++++ DATA SECTION ++++

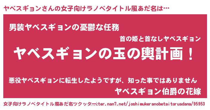 | 男性向けラノベタイトル風あだ名 | 『転生したらヤベスギョンだった件』 |
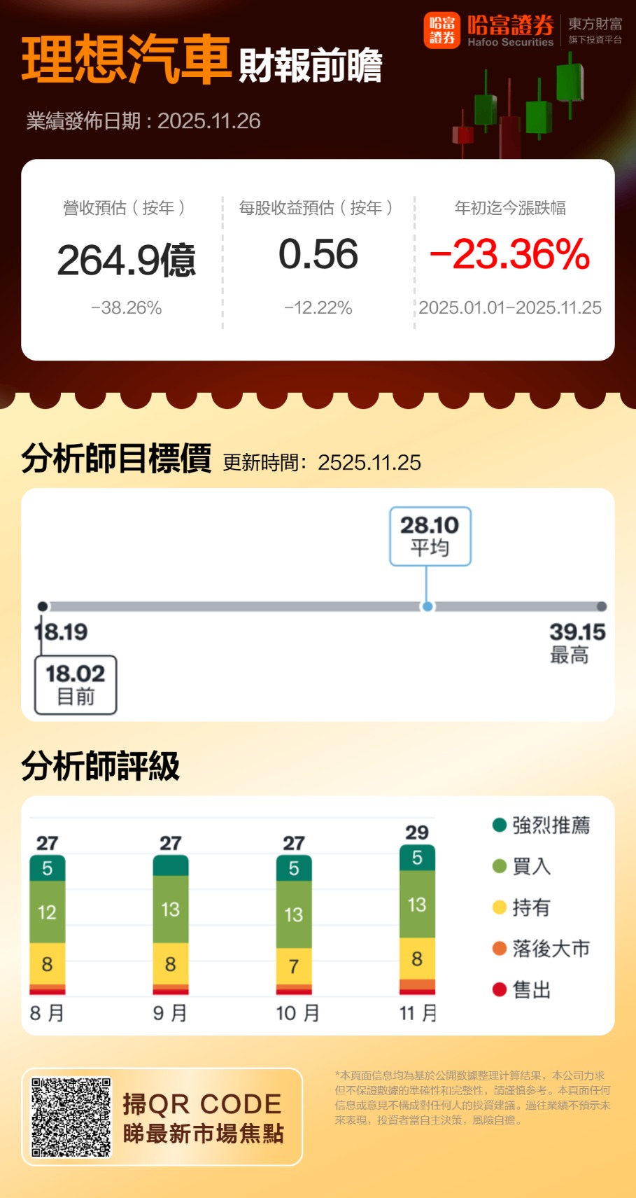 展望未来,纯电车型产能的持续释放、四季度 “双十一” 促销带来的交付反弹、海外市场的逐步拓展,将成为推动业绩回升的核心动力。本次财报的核心看点在于:纯电交付进度是否出现改善、毛利率能否维持盈利韧性、海外初始订单是否达预期。这些数据将直接验证公司转型成效,为后续估值重构提供重要指引。
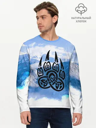 Мужской лонгслив базовый / Печать Велеса | Волчья лапа
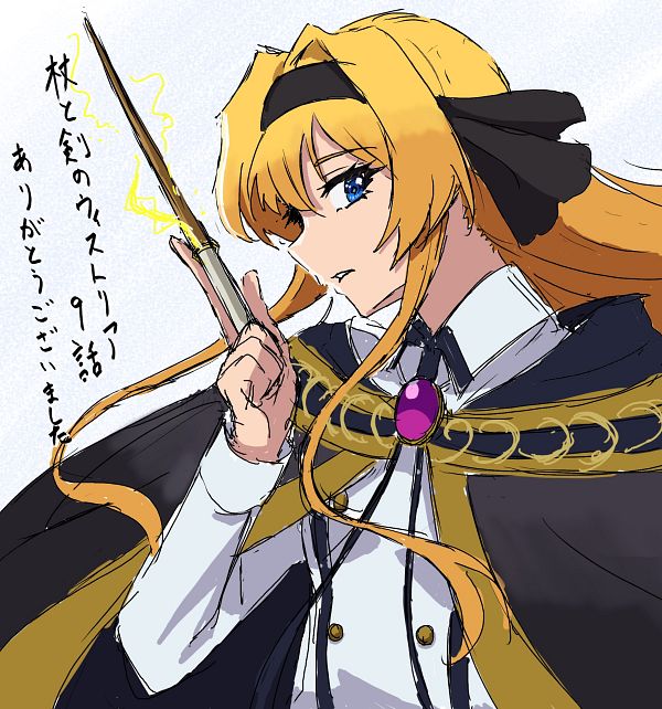 1girl 8red6 black_cape black_headband blonde_hair blue_eyes braid brooch cape electricity electrokinesis fantasy female_focus hand_up headband japanese_text jewelry lihanna_owenzaus long_hair looking_at_viewer magical_girl open_mouth serious shirt solo tsue_to_tsurugi_no_wistoria twintails very_long_hair wand white_shirt
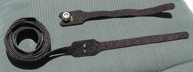 Sin embargo no me quedé contento del todo con el invento y me puse a buscar por ahí. Encontré unas piezas que son absolutamente ideales para esto. En serio que parece que las hayan hecho aposta para esta función. Son unas bridas de Velcro diseñadas para sujetar cables en los racks de ordenadores "de los gordos". El tamaño y disposición de esas bridas es asombrosamente justo lo que necesitamos para esto.
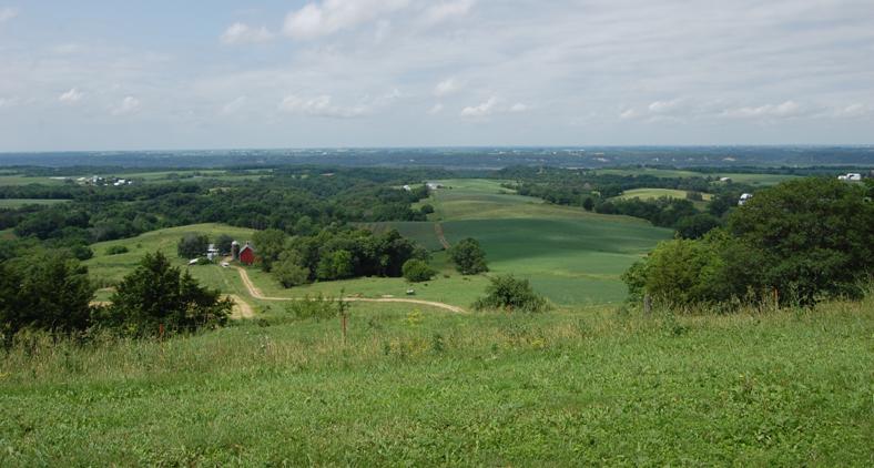 Perched on this glorious moraine ridge (which was likely pushed into place at this farthest extent of the glaciers), we stopped for a group photo overlooking the rolling bucolic splendor that is this part of Iowa. As bovine-dappled as the heavenly pastoral scene before us was, decorated here and there by scenic little farms in the distance, the sky was as dappled with spotted cows of thunderheads, each with its own personality, building and rolling along to their destinations eastward. You could see America for miles. It was glorious and we were all awe-struck and delighted.
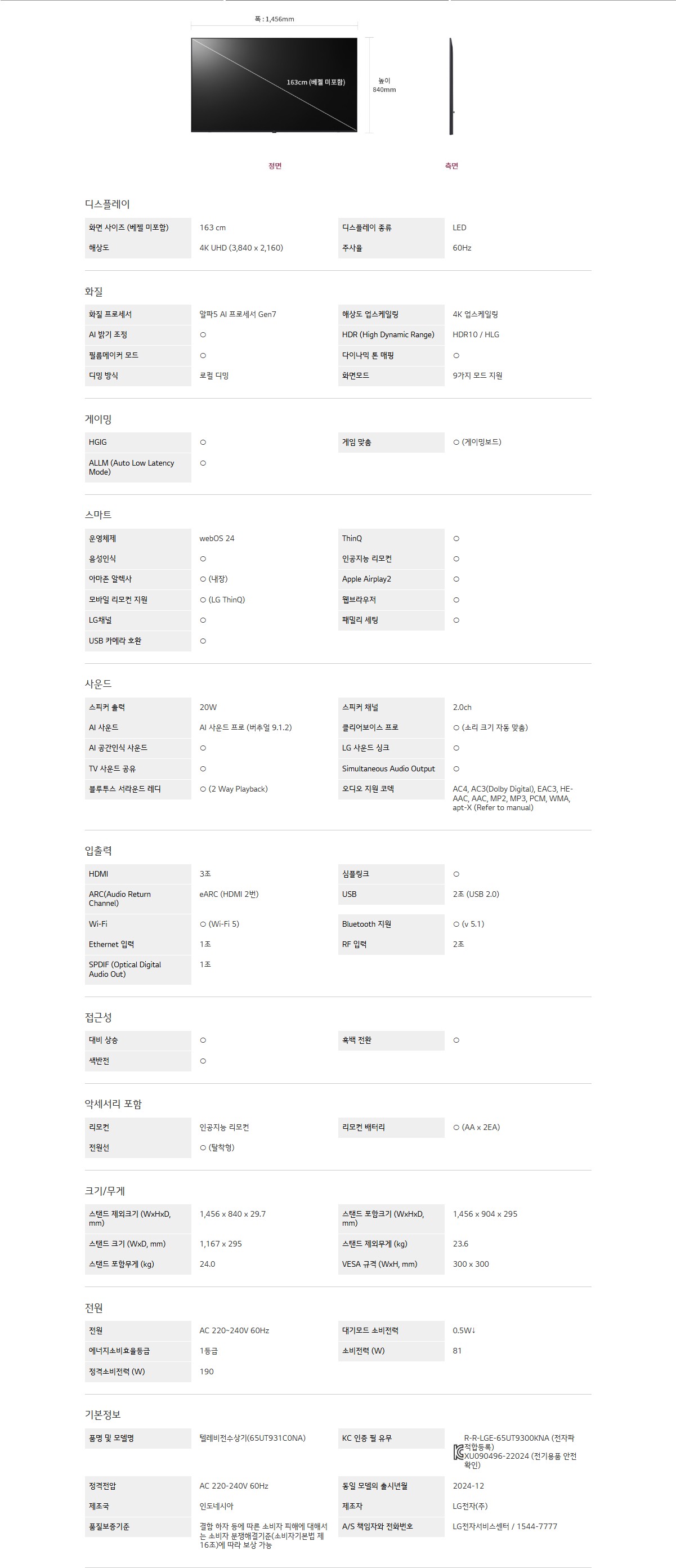 화면 사이즈 (베젤 미포함) : 163 cm
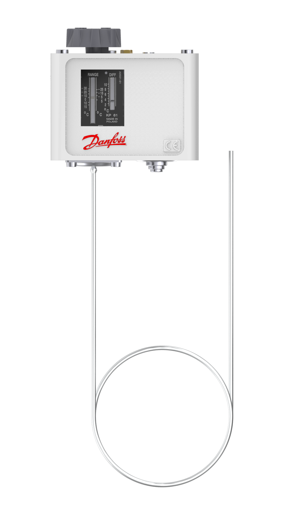 060L124866 Danfoss: Temperature range [°C]: -30 - 15, Reset function: Auto, Contact function: SPDT, Sensor type: Capillary tube sensor, Capillary tube length [mm]: 4000, Enclosure rating IP: IP30
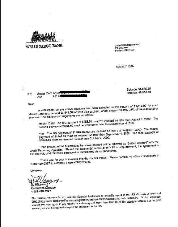 Carta de Liquidación de Deuda de Wells Fargo Agosto 2000
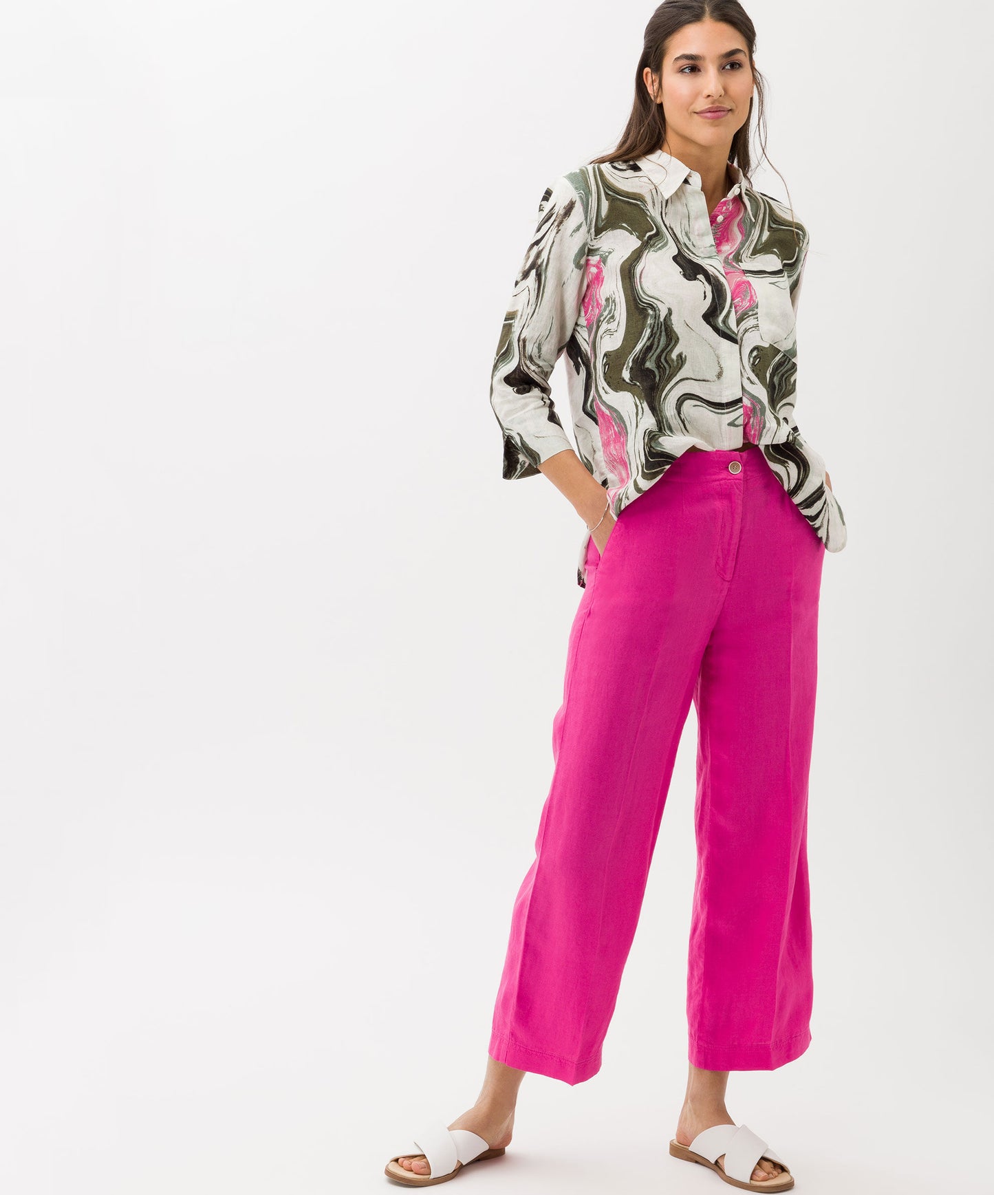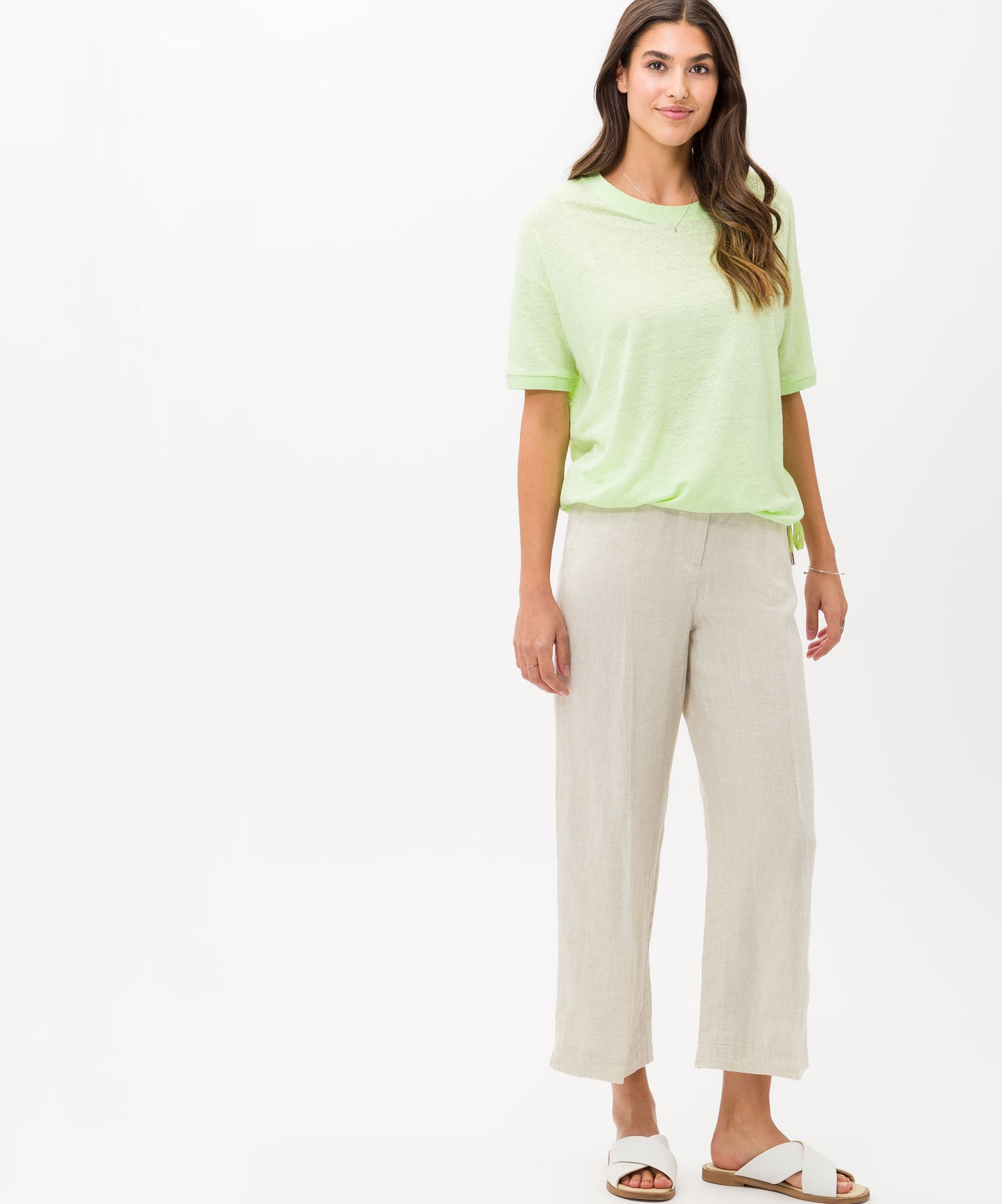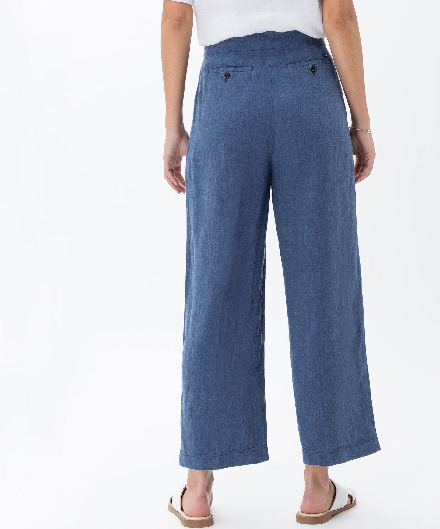 Ein Everyday-Piece für Damen ist der Style MAINE S. Stilsicher und modern schafft die 6/8 Wide Leg Hose in jeder Kombination einen smarten Look. Die Relaxed Fit Damenhose sitzt lässig mit regulärer Taille und ausgestelltem Schnitt an Gesäß und Beinen. Eine typische Optik erhält die Hose insbesondere durch das aufwendige Taschendesign. Zusätzlich ist sie mit Knöpfen in Hornoptik, Bügelbruch und Logo-Applikation gestaltet. Die kühlenden und schnell trocknenden Eigenschaften machen Leinen zur First Summer Choice. Der charakteristische Knittereffekt kennzeichnet die luftige und leichte Naturfaser. Das atmungsaktive und hautfreundliche Leinen bietet außerdem bei dieser Wide Leg ein einwandfreies Tragegefühl.<
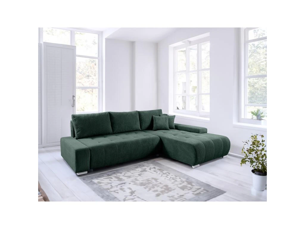 Caractéristiques : Canapé méridienne 4 places – Méridienne côté droite – Convertible en lit d’appoint – Ouverture facile : avance de l’assise soutenu par le système de dépliage automatique DL et bascule du dossier – Mécanisme avec ralentisseur – Coffre de rangement : poids maximum 8kg – 3 coussins de dossier – 2 Coussins décoratifs – Coussins dossier et décoratifs déhoussables – Existe en 6 coloris
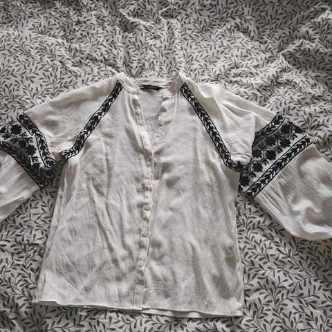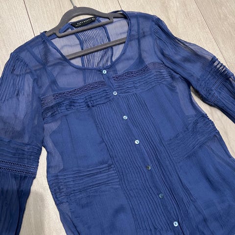 Zara bluse i størrelse M for kvinner, laget av polyester. Blusen har en blå farge og er designet med detaljer som gir et dekorativt uttrykk.
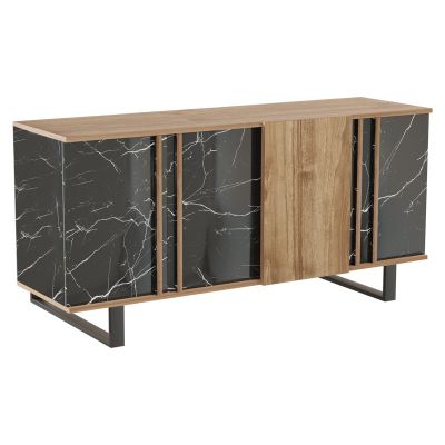 4. Μπουφές Milan Megapap χρώμα καρυδί - λευκό εφέ μαρμάρου 180x35x78,6εκ.

++++

## PROBLEM TO WORK ON
If pictures are present, they are dropped, and the entries above are written out word for word.

## TASK ANSWER
 | 男性向けラノベタイトル風あだ名 | 『転生したらヤベスギョンだった件』 |
 展望未来,纯电车型产能的持续释放、四季度 “双十一” 促销带来的交付反弹、海外市场的逐步拓展,将成为推动业绩回升的核心动力。本次财报的核心看点在于:纯电交付进度是否出现改善、毛利率能否维持盈利韧性、海外初始订单是否达预期。这些数据将直接验证公司转型成效,为后续估值重构提供重要指引。
 Мужской лонгслив базовый / Печать Велеса | Волчья лапа
 1girl 8red6 black_cape black_headband blonde_hair blue_eyes braid brooch cape electricity electrokinesis fantasy female_focus hand_up headband japanese_text jewelry lihanna_owenzaus long_hair looking_at_viewer magical_girl open_mouth serious shirt solo tsue_to_tsurugi_no_wistoria twintails very_long_hair wand white_shirt
 Sin embargo no me quedé contento del todo con el invento y me puse a buscar por ahí. Encontré unas piezas que son absolutamente ideales para esto. En serio que parece que las hayan hecho aposta para esta función. Son unas bridas de Velcro diseñadas para sujetar cables en los racks de ordenadores "de los gordos". El tamaño y disposición de esas bridas es asombrosamente justo lo que necesitamos para esto.
 Perched on this glorious moraine ridge (which was likely pushed into place at this farthest extent of the glaciers), we stopped for a group photo overlooking the rolling bucolic splendor that is this part of Iowa. As bovine-dappled as the heavenly pastoral scene before us was, decorated here and there by scenic little farms in the distance, the sky was as dappled with spotted cows of thunderheads, each with its own personality, building and rolling along to their destinations eastward. You could see America for miles. It was glorious and we were all awe-struck and delighted.
 화면 사이즈 (베젤 미포함) : 163 cm
 060L124866 Danfoss: Temperature range [°C]: -30 - 15, Reset function: Auto, Contact function: SPDT, Sensor type: Capillary tube sensor, Capillary tube length [mm]: 4000, Enclosure rating IP: IP30
 Carta de Liquidación de Deuda de Wells Fargo Agosto 2000
 Ein Everyday-Piece für Damen ist der Style MAINE S. Stilsicher und modern schafft die 6/8 Wide Leg Hose in jeder Kombination einen smarten Look. Die Relaxed Fit Damenhose sitzt lässig mit regulärer Taille und ausgestelltem Schnitt an Gesäß und Beinen. Eine typische Optik erhält die Hose insbesondere durch das aufwendige Taschendesign. Zusätzlich ist sie mit Knöpfen in Hornoptik, Bügelbruch und Logo-Applikation gestaltet. Die kühlenden und schnell trocknenden Eigenschaften machen Leinen zur First Summer Choice. Der charakteristische Knittereffekt kennzeichnet die luftige und leichte Naturfaser. Das atmungsaktive und hautfreundliche Leinen bietet außerdem bei dieser Wide Leg ein einwandfreies Tragegefühl.<
 Caractéristiques : Canapé méridienne 4 places – Méridienne côté droite – Convertible en lit d’appoint – Ouverture facile : avance de l’assise soutenu par le système de dépliage automatique DL et bascule du dossier – Mécanisme avec ralentisseur – Coffre de rangement : poids maximum 8kg – 3 coussins de dossier – 2 Coussins décoratifs – Coussins dossier et décoratifs déhoussables – Existe en 6 coloris
 Zara bluse i størrelse M for kvinner, laget av polyester. Blusen har en blå farge og er designet med detaljer som gir et dekorativt uttrykk.
 4. Μπουφές Milan Megapap χρώμα καρυδί - λευκό εφέ μαρμάρου 180x35x78,6εκ.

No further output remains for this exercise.